Fig. 1. — Thyroid gland development. Dissociation of the mouse thyroid bud from the endoderm and formation of a bilobed gland. A, The thyroid bud (evidenced by red Titf-1 staining) at E10.5. The bud maintains association with the aortic sac (*dotted line*) that has started to retract (as, aortic sac; pl, pharyngeal lumen). B, After dissociation from the endoderm (*blue*), the thyroid bud transiently loses contact with the caudally retracting aorta. The primordium (*green*) comes to rest as a cap-like structure on the cranial surface of the aortic sac (*red*) at E11.5. C, The thyroid primordium (*green*) extends bilaterally along the course of the third pharyngeal arch arteries. The lateral ends of the thyroid and the ultimobranchial bodies (*brown*) are approaching each other (*arrow*) (Ao, aorta; D, dorsal aorta; 3, 3rd pharyngeal arch arteries; 4, 4th pharyngeal arch arteries). D, At E13.5, the ultimobranchial bodies merge (*arrow*) with the lateral ends of the thyroid primordium. The pharyngeal arch arteries and dorsal aorta remodel into the carotid arteries and the final vascular anatomy as well as the bilobed shape of the thyroid can be discerned. E, At E18.5, the final shape of the thyroid is established with bilateral lobes close to the carotid arteries. [Adapted with permission from H. Fagman and M. Nilsson: *J Mol Endocrinol* 46:R33, 2011 (108). © Society for Endocrinology.]

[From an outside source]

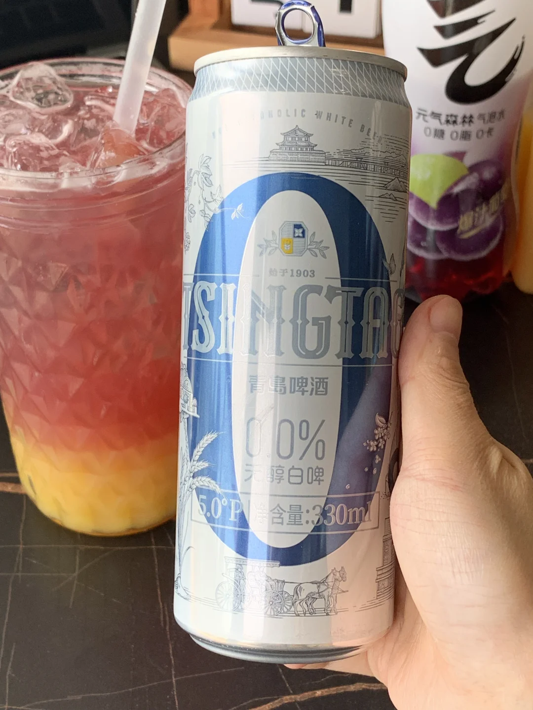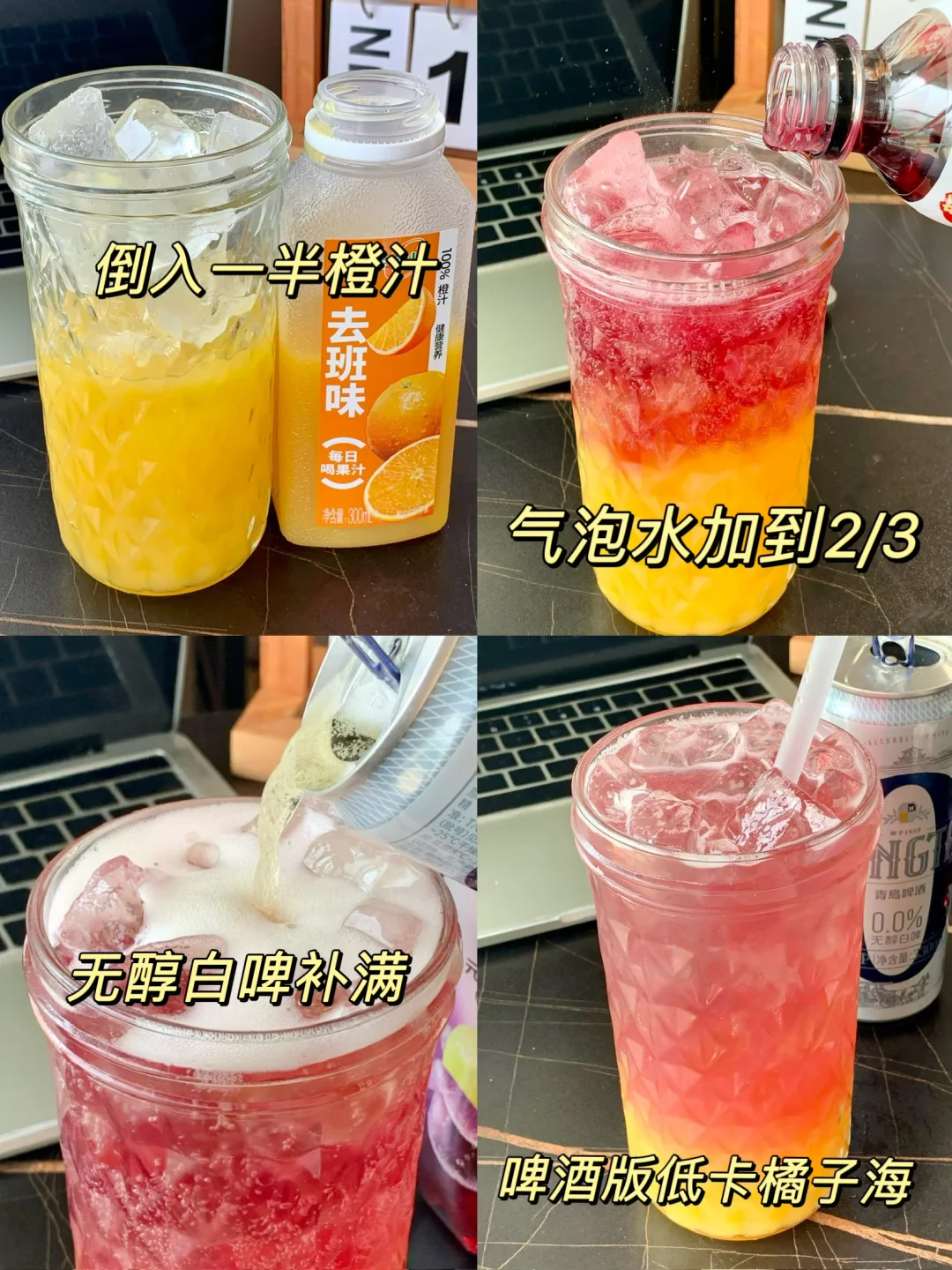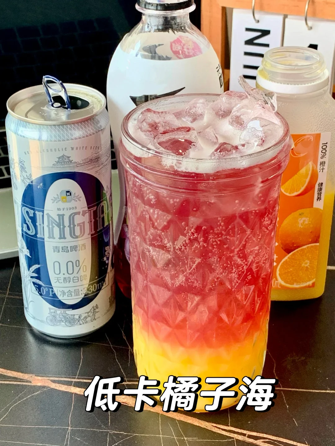 橙汁+气泡水+青岛啤酒0.0%无醇白啤
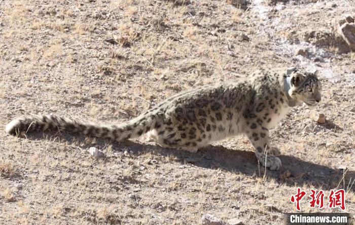 資料圖為佩戴衛星項圈的雪豹“祁跡”。 中新社發 祁連山國家公園青海省管理局 供圖

The first evidence of thyroid hormone secretion occurs at approximately embryonic d 16.5 (E16.5) in mice (∼E75 in man) with the terminal differentiation into TFC and the expression of thyroid-specific genes necessary for thyroid hormone biosynthesis seen by approximately E16 in mice (∼E70 in man). The thyroid-specific genes appear during development according to a specific temporal pattern: Tg, thyroperoxidase (TPO), and the TSH receptor (Tshr) genes are expressed by E14.5 (8, 9) and the sodium iodide symporter (NIS) by E16 (10) (Fig. 2). Full expression of these genes is a requisite for synthesis of thyroid hormones. TSH is the principal regulator of thyroid hormone biosynthesis and secretion and is first synthesized at E12.5 (11) (human 10–12 wk). After the binding of TSH to its G protein-coupled receptor, it activates multiple signaling pathways that regulate both differentiation and proliferation of thyroid cells as well as the formation of thyroid hormones (12–14).

Fig. 2. — Timing of thyroid gene expression in development: schematic representation of the stages of development of the TFC and the expression of relevant genes. At mouse E8 (E20 in human), the thyroid bud appears as a thickening in the floor of the pharynx and expresses a combination of transcription factors such as *PAX8*, the transcription factor essential for the thyrocyte promoter activation of *TPO*, Tg and *NIS*, and Titf-1 and Foxe1, responsible for morphogenesis of the thyroid gland and maintenance of the thyrocyte cell type. At about E13.5 in mouse and E50 in human, the thyroid diverticulum starts its migration from the pharyngeal floor and reaches its definitive pretracheal position. By E14 (E60 in human), the TFC precursors express the *TSHR*. By E15.5, the thyroid follicular organization appears with the expression of a series of proteins that are essential for thyroid hormone biosynthesis, including *TPO*, Tg, and *NIS*. [Adapted with permission from T. F. Davies, *et al.*: J Clin Invest 115:1972, 2005 (109). © American Society for Clinical Investigation.]

Control of thyroid development

The embryonic progenitors of the TFC derive from the definitive endoderm (15, 16). The definitive endoderm, one of the three germ layers formed during gastrulation, gives rise to the inner lining of the gut and its associated organs such as the entire gastrointestinal tract, glandular structures of the pharynx, the respiratory tract, the liver, the pancreas, and thyroid (17). Key factors involved in endoderm specification are regulated by the nodal family of signaling molecules and their complex glycosylation patterns (18, 19). A higher residual nodal activity initiates the formation of definitive endoderm and favors the development of its associated organs (such as thyroid) (20). The disruption of nodal-signaling components affects definitive endoderm formation and thyroid morphogenesis. Thus, induction of endoderm by nodal signaling and its downstream effectors is a prerequisite for TFC development (21).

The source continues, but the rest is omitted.